### Exercise directions
Give again exactly the lines that run from the start of the records to the line holding "16 in stockBlack", both ends counted. Do not include the pictures.

-*-*-

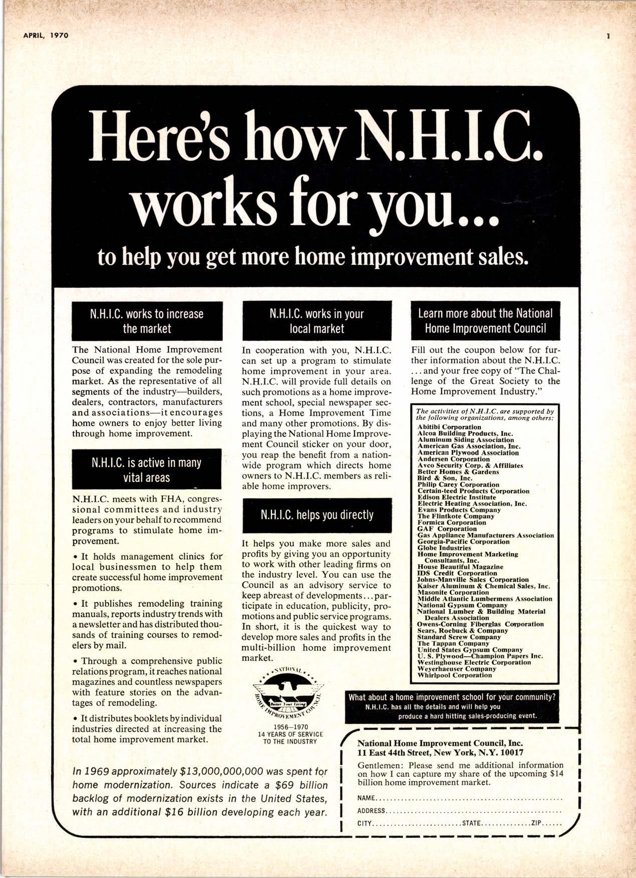 In cooperation with you, N.H.I.C. can set up a program to stimulate home improvement in your area. N.H.I.C. will provide full details on such promotions as a home improvement school, special newspaper sections, a Home Improvement Time and many other promotions. By displaying the National Home Improvement Council sticker on your door, you reap the benefit from a nationwide program which directs home owners to N.H.I.C. members as reliable home improvers.
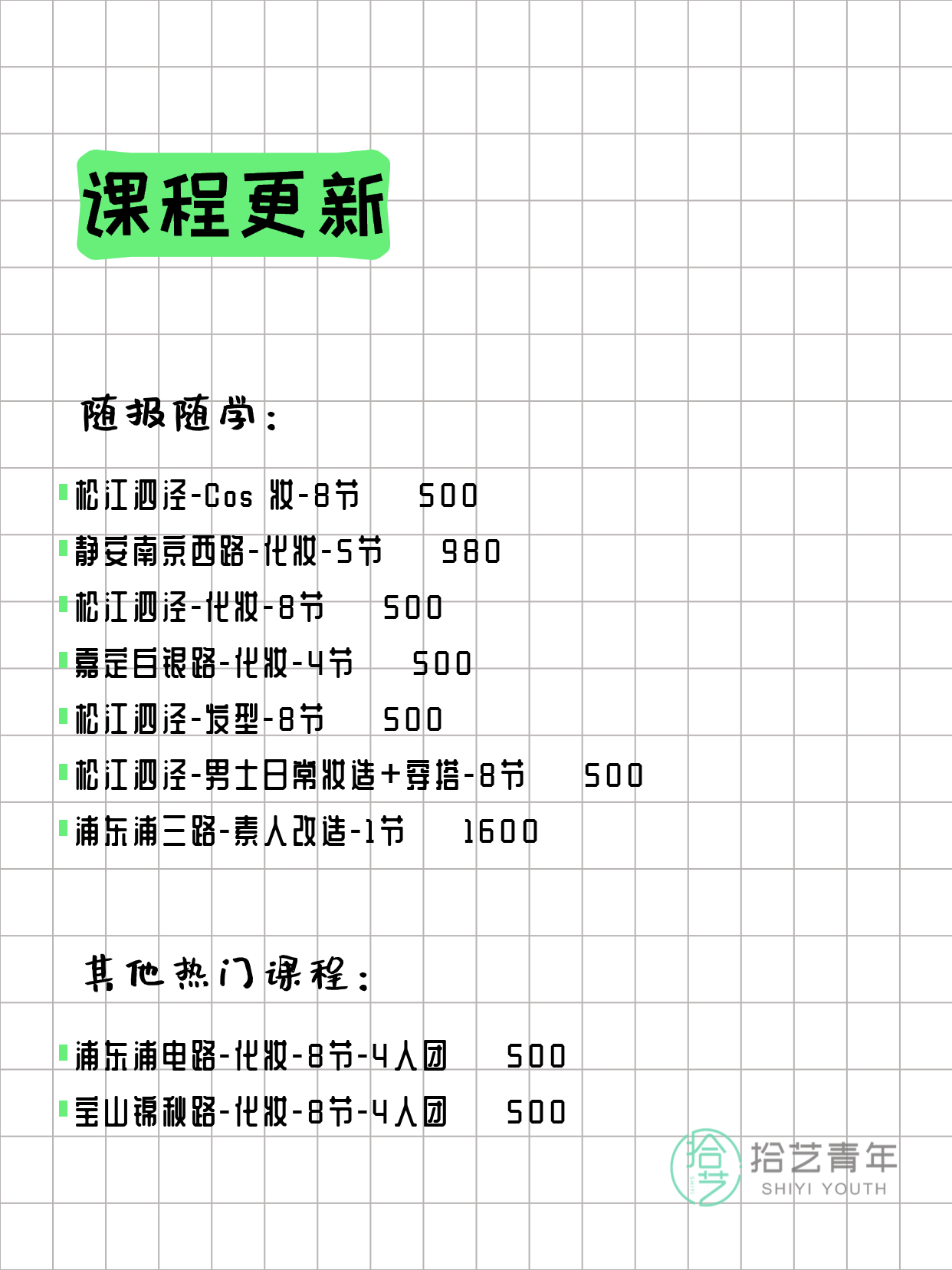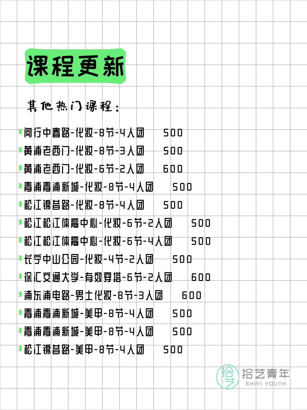 💡 提示:以上课程信息来自拾艺青年小程序,课程可能随报名动态变化,具体以小程序实时信息为准。
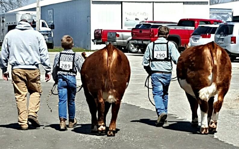 Richard Drake from French Lick, Indiana, and his sons, Ivan and Ian, get ready to show their calves at Columbus, Indiana.
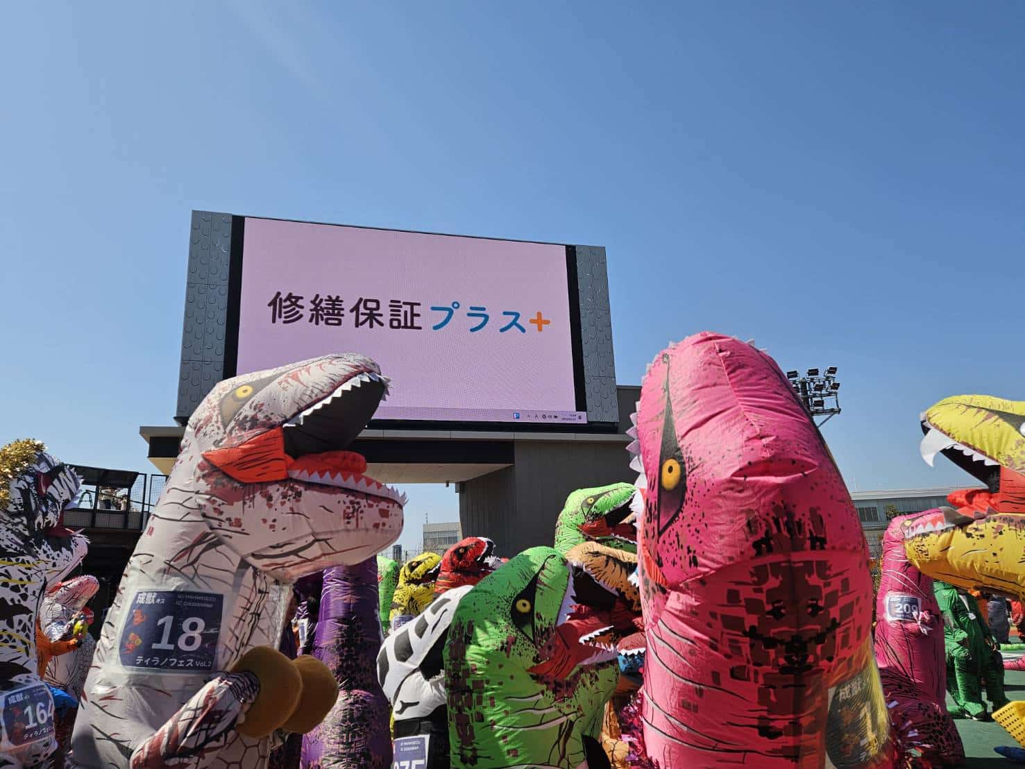 カラフルなティラノサウルスたちの背景に「修繕保証プラス+」の文字。 一見すると不思議な組み合わせですが、「大切な家族の笑顔を守りたい」「地域のイベントを盛り上げたい」という私たちの想いを、多くのご家族に知っていただく貴重な機会となりました。
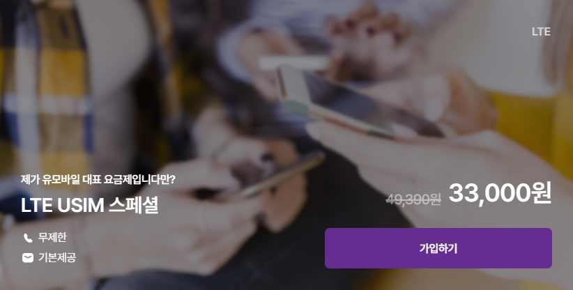 다양한 유모바일의 알뜰폰요금제가 있지만 11GB+일 2GB의 데이터와 통화 무제한, 그리고 문자 기본 조건으로 월 33,000원이라는 비용으로 사용할 수 있어 합리적으로 활용하기 딱 좋다는 생각이 들었습니다. 가입도 대리점 방문 없이 유심 구입만으로 가능하기 때문에 편리하고 말이죠.
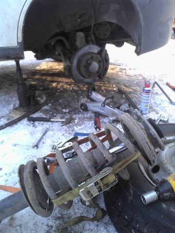 Tuohon on vaihettu iskarit, ja mukaan sain alapallot (ei ollukkaan kilvellä ollu väljää), yläpään laakerin kehtoineen, se jumittaa mutta en ole varma että on sittenkään oikea kuten myyjä sano. Pihassa kun laitoin tytön kääntelemään rattia ja kattelin nykiikö jousen yläpää, niin ei tietenkään nykiny kumpikaan! Kuoppia ku tutkaa niin kuskin puolelta kolahtelee kyllä vähän. Auton alla ku riuhtoo reidetankoa auton pituussuunnassa niin napsahtaa, mutta välystä ei oikein ole...
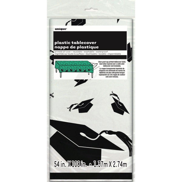 16 in stockBlack Graduation Caps Print Clear Tablecover - 137cm x 274cm
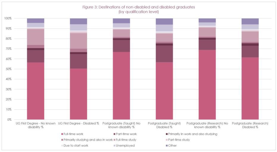 So what are the key findings of this study? Firstly, compared to non-disabled graduates, at all qualification levels those disclosing a disability were less likely to be in full-time employment, more likely to be in part-time employment and more likely to pursue further study. These poorer progression rates into full-time employment for disabled graduates are a recurring theme in What Happens Next? reports. However, there was a general increase in total employment figures (full and part-time employment combined) for disabled graduates with increasing qualification level.
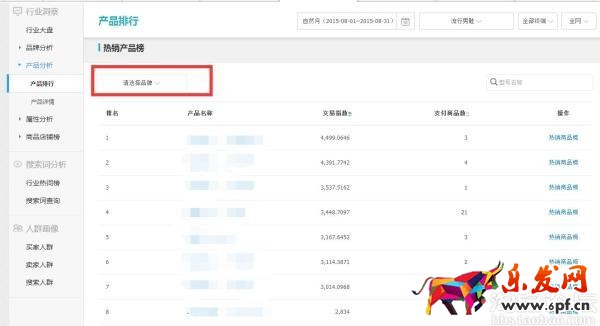 產品粒度就通過篩選品牌,產品來看到產品的熱銷商品榜和流量商品榜,選好之后會有數據展現。
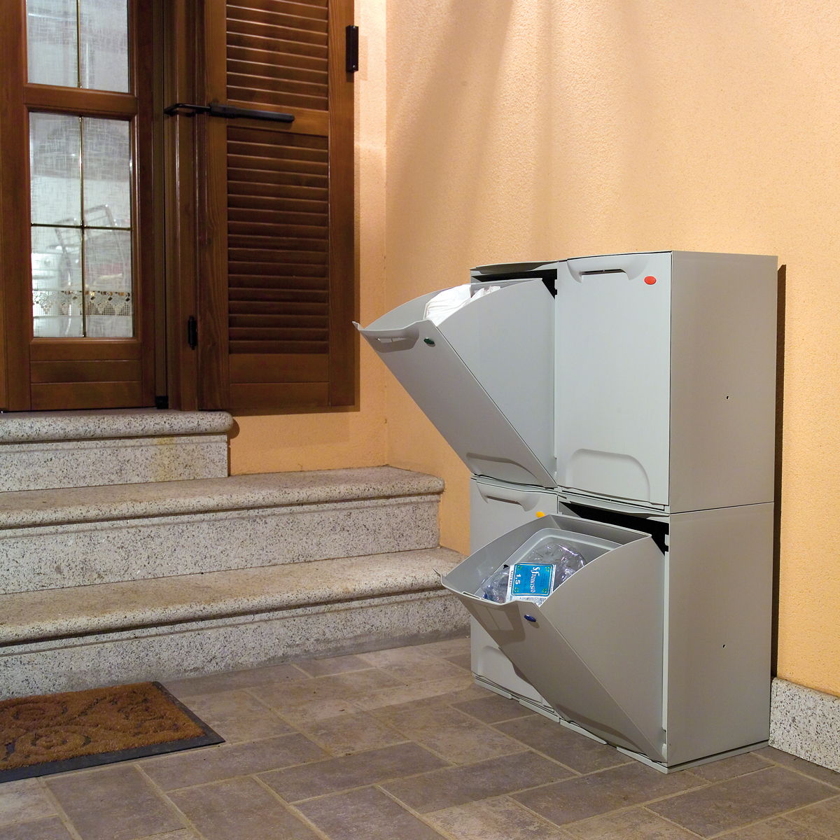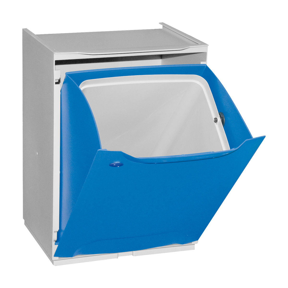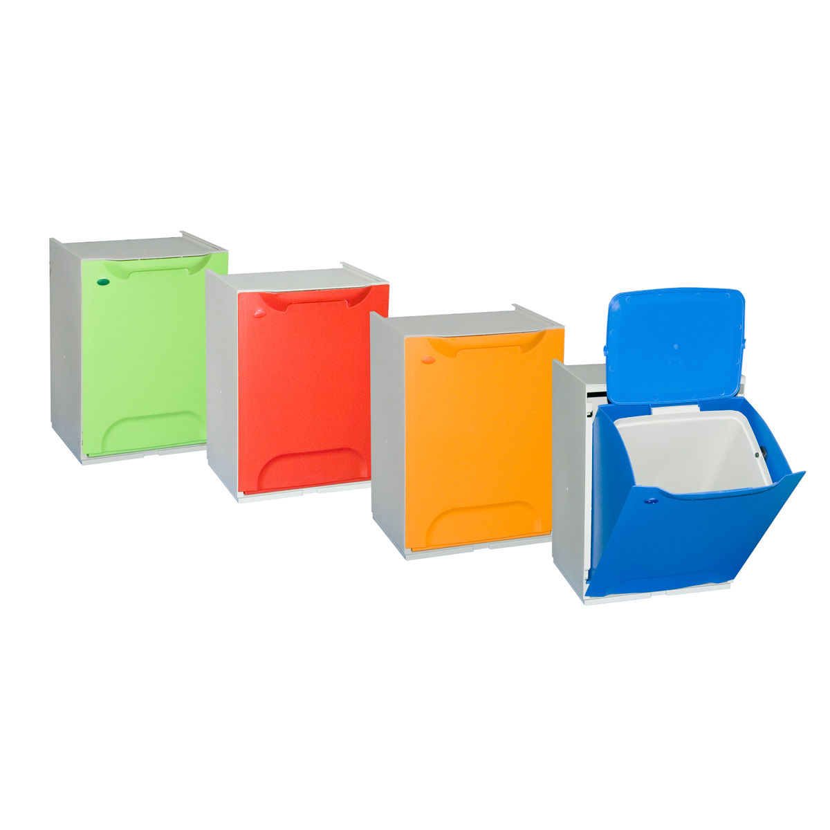 Las papeleras multiusos con tapa frontal abatible para la recogida selectiva de residuos son una solución económica y simple para mantener separados por tipos los residuos domésticos.

-*-*-

### Answer for this exercise
 In cooperation with you, N.H.I.C. can set up a program to stimulate home improvement in your area. N.H.I.C. will provide full details on such promotions as a home improvement school, special newspaper sections, a Home Improvement Time and many other promotions. By displaying the National Home Improvement Council sticker on your door, you reap the benefit from a nationwide program which directs home owners to N.H.I.C. members as reliable home improvers.
 💡 提示:以上课程信息来自拾艺青年小程序,课程可能随报名动态变化,具体以小程序实时信息为准。
 Richard Drake from French Lick, Indiana, and his sons, Ivan and Ian, get ready to show their calves at Columbus, Indiana.
 カラフルなティラノサウルスたちの背景に「修繕保証プラス+」の文字。 一見すると不思議な組み合わせですが、「大切な家族の笑顔を守りたい」「地域のイベントを盛り上げたい」という私たちの想いを、多くのご家族に知っていただく貴重な機会となりました。
 다양한 유모바일의 알뜰폰요금제가 있지만 11GB+일 2GB의 데이터와 통화 무제한, 그리고 문자 기본 조건으로 월 33,000원이라는 비용으로 사용할 수 있어 합리적으로 활용하기 딱 좋다는 생각이 들었습니다. 가입도 대리점 방문 없이 유심 구입만으로 가능하기 때문에 편리하고 말이죠.
 Tuohon on vaihettu iskarit, ja mukaan sain alapallot (ei ollukkaan kilvellä ollu väljää), yläpään laakerin kehtoineen, se jumittaa mutta en ole varma että on sittenkään oikea kuten myyjä sano. Pihassa kun laitoin tytön kääntelemään rattia ja kattelin nykiikö jousen yläpää, niin ei tietenkään nykiny kumpikaan! Kuoppia ku tutkaa niin kuskin puolelta kolahtelee kyllä vähän. Auton alla ku riuhtoo reidetankoa auton pituussuunnassa niin napsahtaa, mutta välystä ei oikein ole...
 16 in stockBlack Graduation Caps Print Clear Tablecover - 137cm x 274cm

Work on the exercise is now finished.